The notion that journalism is the first rough-draft of history seems to have originated, at least as a phrase, with the editorial board of The Washington Post in the early 1940s. You can see the appeal for journalists at least: There is a certain humility – or if you are disposed to be unkind to the ink-stained wretches, a certain false humility – in saying our work is rough, unfinished, a quick stab; which is true. At the same time, we make some claim to writing history, which is mostly false. We may frame it first, but we are not generally considered primary sources by historians (although the ways we get things wrong often are a rich subject for them).

Yet we persist, doing our best when we can to create a record which serves all sorts of people, including voters and politicians, as near to the present as we can remain. Rather than updating our work, we go on to the next thing and the next, like flibbertigibbets with short attention spans, but with some notable exceptions.

Almost a month ago, we expressed our concern that Gov. Polis’ administration seemed to be stymieing requests for pandemic information by charging state news media as much as $1,770 for access to public records that ought to be free or not carry a prohibitive cost.

On Monday, when we took a gander at Colorado Public Radio’s ambitious new project, “How Colorado caught COVID-19,” in its web iteration and scrolled deep, deep to the end (apparently it would be 22 pages if we printed it), we found this editor’s note: “This story is based on records from the governor’s office, (the Colorado Department of Public Health and Environment) and local public health agencies in El Paso, Summit and Eagle counties. The agencies charged CPR News a total of approximately $2,000 for searching, processing and redacting those records to remove references to personal health histories. The records were supplemented with more than a dozen interviews of officials in those agencies and national experts.”

We cannot say whether it was fair to charge CPR News so much but we are glad CPR could pay it, because the result, in a classic case of burying the lead, is a sensational piece of work. In a narrative that takes one from “early warnings” to “pivotal weeks” and beyond, CPR lays out a detailed case that Colorado was slow to prepare for the pandemic and that the state’s response was often confused or incoherent owing to a fragmented public health system, which led to a loss of trust in the state’s ability to coordinate it.

Additionally, Colorado’s state lab was overwhelmed, taking up to 10 days to turn around test results in early March, to the governor’s frustration.
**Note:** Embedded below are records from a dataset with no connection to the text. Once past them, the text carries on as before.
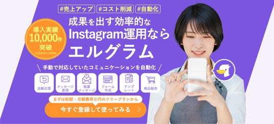 ミショナ株式会社ミショナ提供のMeta社公式APIを使用したInstagram(インスタ)運用効率化ツール「エルグラム」の導入件数が10,000件を突破。DM自動返信やメッセージ配信など充実した機能を搭載。
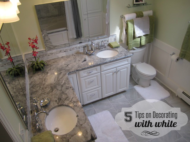 I love to decorate with white. But with two small children in our home, I’ve had to limit my decorating with white to the master bath.
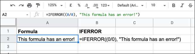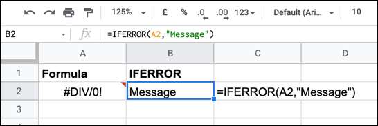 Второй аргумент в формуле ЕСЛИОШИБКА — это настраиваемое сообщение об ошибке, которое заменяет собственное сообщение Google Таблиц. Например, на рисунке выше показано, что деление нуля на ноль невозможно. Вместо отображения сообщения об ошибке Google (# DIV / 0!) Появляется собственное сообщение об ошибке.
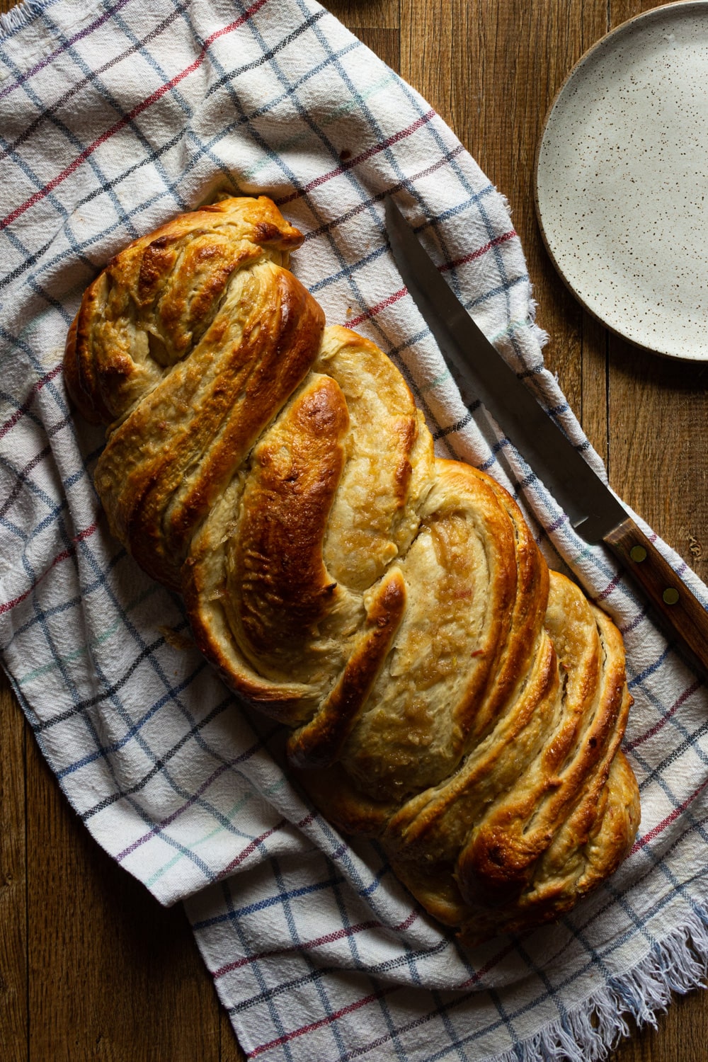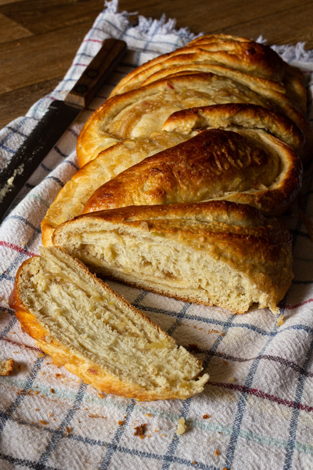 Trança de maçã, feita com uma massa de pão doce que lembra um brioche, e com um recheio que parece de torta de maçã!

And not just his: “In text messages on March 5, county officials mocked Polis’ claimed testing capacity of 160 tests a day as CDPHE struggled to handle half that many in a day.”

And, “As the virus approached, the state made no effort to secure additional protective equipment for first responders, health care workers, hospitals or nursing homes. The lack of masks, gloves and gowns, and the competition for supplies with other states and the federal government would become an important issue as the number of cases grew.”

Moreover, contract tracing of patients in some counties was abandoned early on amid hours lost to poor communication, essentially ending efforts at containment before they began “despite the emphasis placed on tracing by state health officials. Instead, slowing the virus through extreme social distancing orders became the focus.”